**Raw data:**
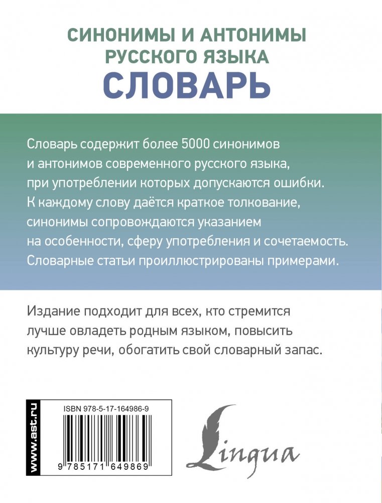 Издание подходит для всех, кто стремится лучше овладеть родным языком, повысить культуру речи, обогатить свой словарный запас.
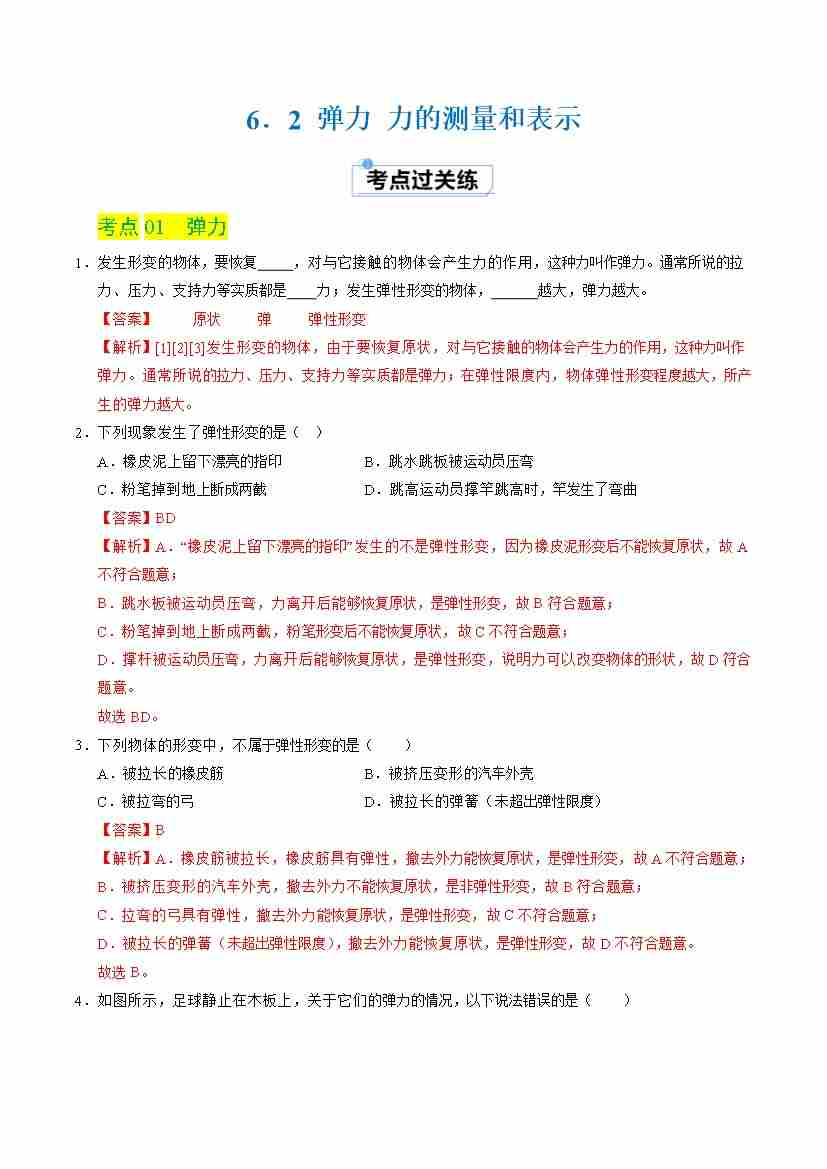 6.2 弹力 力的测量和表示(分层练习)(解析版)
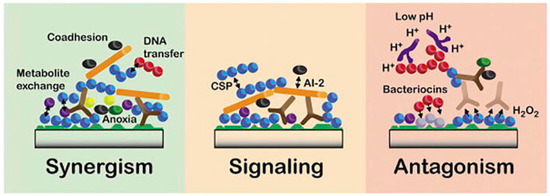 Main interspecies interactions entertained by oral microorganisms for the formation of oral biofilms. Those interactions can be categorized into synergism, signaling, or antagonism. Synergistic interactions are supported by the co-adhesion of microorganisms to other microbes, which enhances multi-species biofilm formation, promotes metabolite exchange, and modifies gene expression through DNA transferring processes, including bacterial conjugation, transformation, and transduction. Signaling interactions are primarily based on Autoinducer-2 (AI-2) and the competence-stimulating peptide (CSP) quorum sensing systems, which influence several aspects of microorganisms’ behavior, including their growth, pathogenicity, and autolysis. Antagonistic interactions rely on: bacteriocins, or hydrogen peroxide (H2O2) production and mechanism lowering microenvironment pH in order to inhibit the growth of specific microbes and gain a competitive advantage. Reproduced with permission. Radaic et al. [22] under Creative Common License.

**Problem to solve:**
The required response consists solely of the lines from the line containing "6.2 弹力 力的测量和表示(分层练习)(解析版)" through the end of the listing, both ends included, copied exactly without pictures.

**Response to this task:**
 6.2 弹力 力的测量和表示(分层练习)(解析版)
 Main interspecies interactions entertained by oral microorganisms for the formation of oral biofilms. Those interactions can be categorized into synergism, signaling, or antagonism. Synergistic interactions are supported by the co-adhesion of microorganisms to other microbes, which enhances multi-species biofilm formation, promotes metabolite exchange, and modifies gene expression through DNA transferring processes, including bacterial conjugation, transformation, and transduction. Signaling interactions are primarily based on Autoinducer-2 (AI-2) and the competence-stimulating peptide (CSP) quorum sensing systems, which influence several aspects of microorganisms’ behavior, including their growth, pathogenicity, and autolysis. Antagonistic interactions rely on: bacteriocins, or hydrogen peroxide (H2O2) production and mechanism lowering microenvironment pH in order to inhibit the growth of specific microbes and gain a competitive advantage. Reproduced with permission. Radaic et al. [22] under Creative Common License.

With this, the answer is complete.